For this task, extract exactly the lines of the data below, from the line containing "Immigrants from Scotland" through the last one, with pictures left out.
**** Extracted entries ****
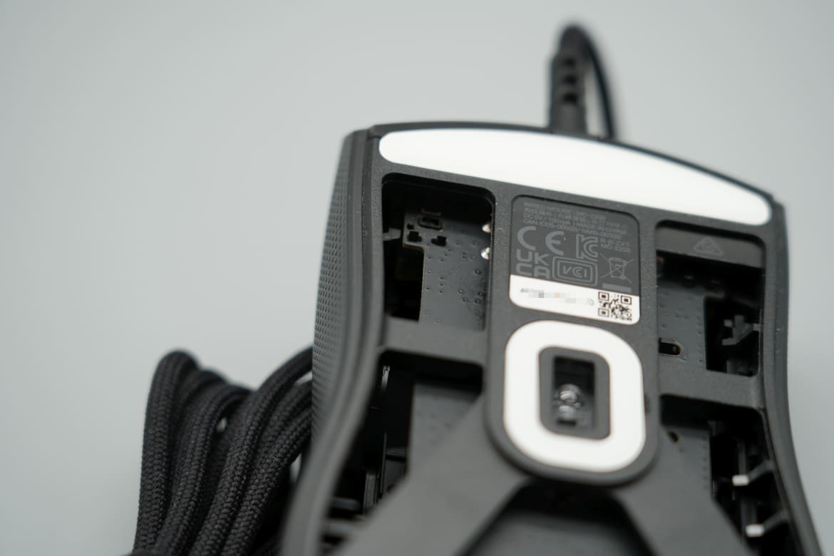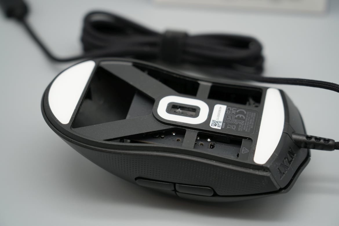 Interessant wird es an der Unterseite, denn die präsentiert sich äußerst luftig. Der mittig platzierte Sensor und die großzügigen PTFE-Gleitpads werden lediglich durch eine Art Skelett gehalten, der Rest der Unterseite ist offen.
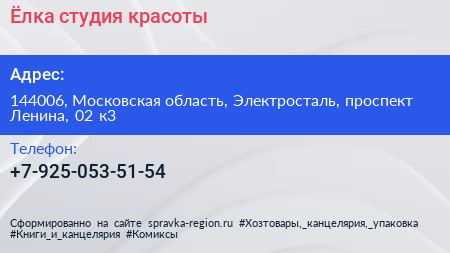 Ёлка, студия красоты по адресу 144006, Московская область, Электросталь, проспект Ленина, 02 к3 в дальнейшем Организация, размещена в следующих категориях:
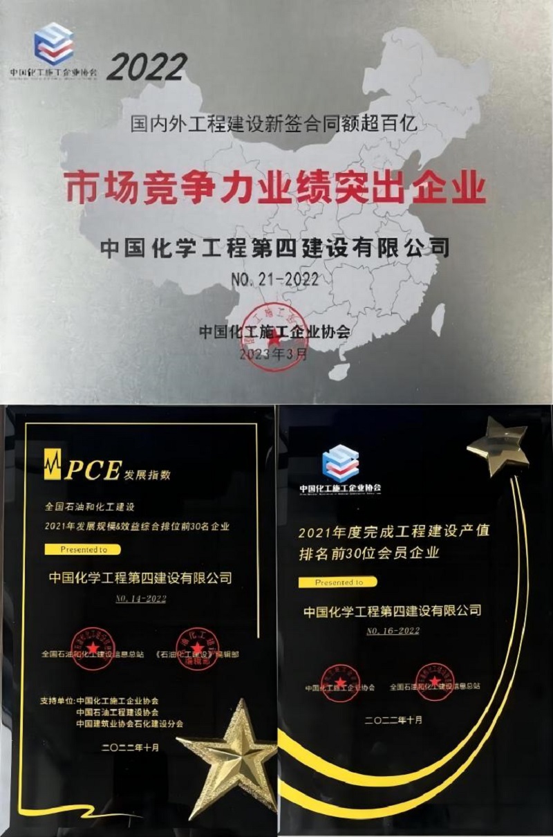近日,從中國(guó)化工施工企業(yè)協(xié)會(huì)2023年年會(huì)暨第十屆六次理事會(huì)傳來喜訊,公司獲得多項(xiàng)榮譽(yù),被授予“2022年國(guó)內(nèi)外工程建設(shè)新簽合同額超百億市場(chǎng)競(jìng)爭(zhēng)力業(yè)績(jī)突出企業(yè)”“全國(guó)石油和化工建設(shè)2021年發(fā)展規(guī)模&效益(PCE發(fā)展指數(shù))綜合排名前30名企業(yè)”和“2021年度完成工程建設(shè)產(chǎn)值排名前30位會(huì)員企業(yè)”。
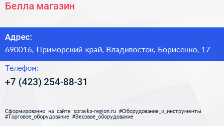 Белла, магазин по адресу 690016, Приморский край, Владивосток, Борисенко, 17 в дальнейшем Организация, размещена в следующих категориях:
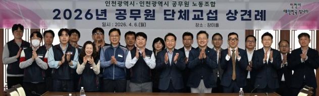 【뉴스라이트 = 이세현 기자】 인천광역시는 4월 6일 시청 장미홀에서 인천시공무원노동조합, 전국공무원노동조합 인천지역본부 인천시지부와 ‘2026년도 단체교섭 체결을 위한 상견례’를 개최했다고 밝혔다.
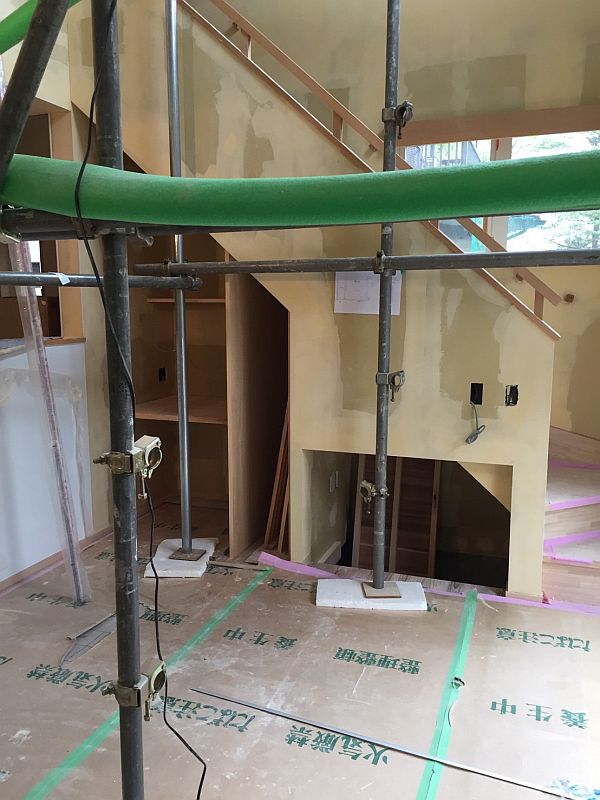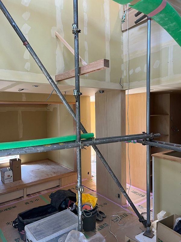下の写真は、壁紙工事のために内部足場を組んだリビングの吹き抜けスペースです。壁の縞々模様は、壁紙を貼るための前処理としてパテを塗った跡です。下地材のつなぎ目やビスの頭の凸凹をパテで均していくのですが、この工程の精度が仕上がりに大きく影響します。
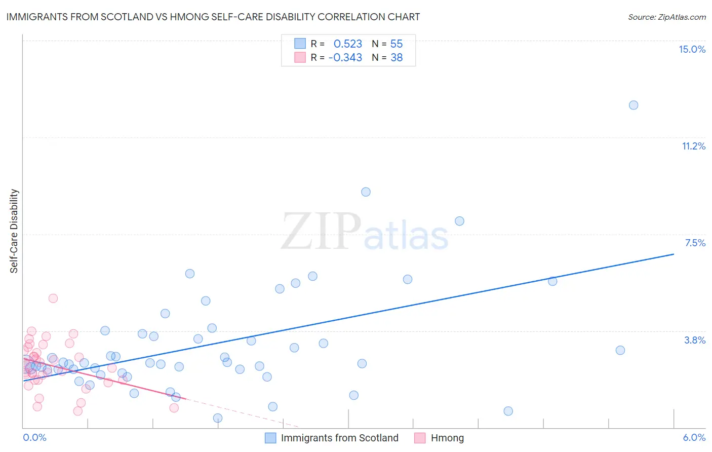 Immigrants from Scotland vs Hmong Self-Care Disability Correlation Chart
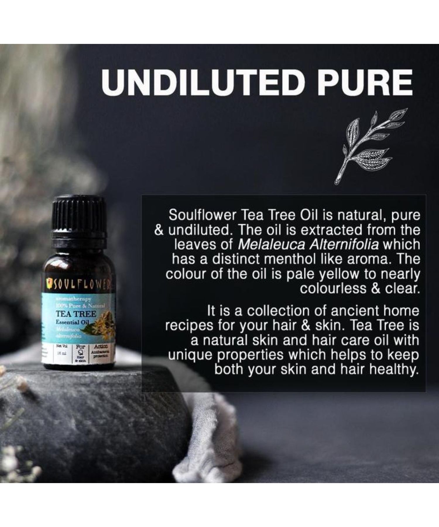 Mix Soulflower Tea Tree Essential Oil with any Soulflower carrier oil before applying on hair & skin. Massage gently.
****
> **Written reply**:
 Immigrants from Scotland vs Hmong Self-Care Disability Correlation Chart
 Mix Soulflower Tea Tree Essential Oil with any Soulflower carrier oil before applying on hair & skin. Massage gently.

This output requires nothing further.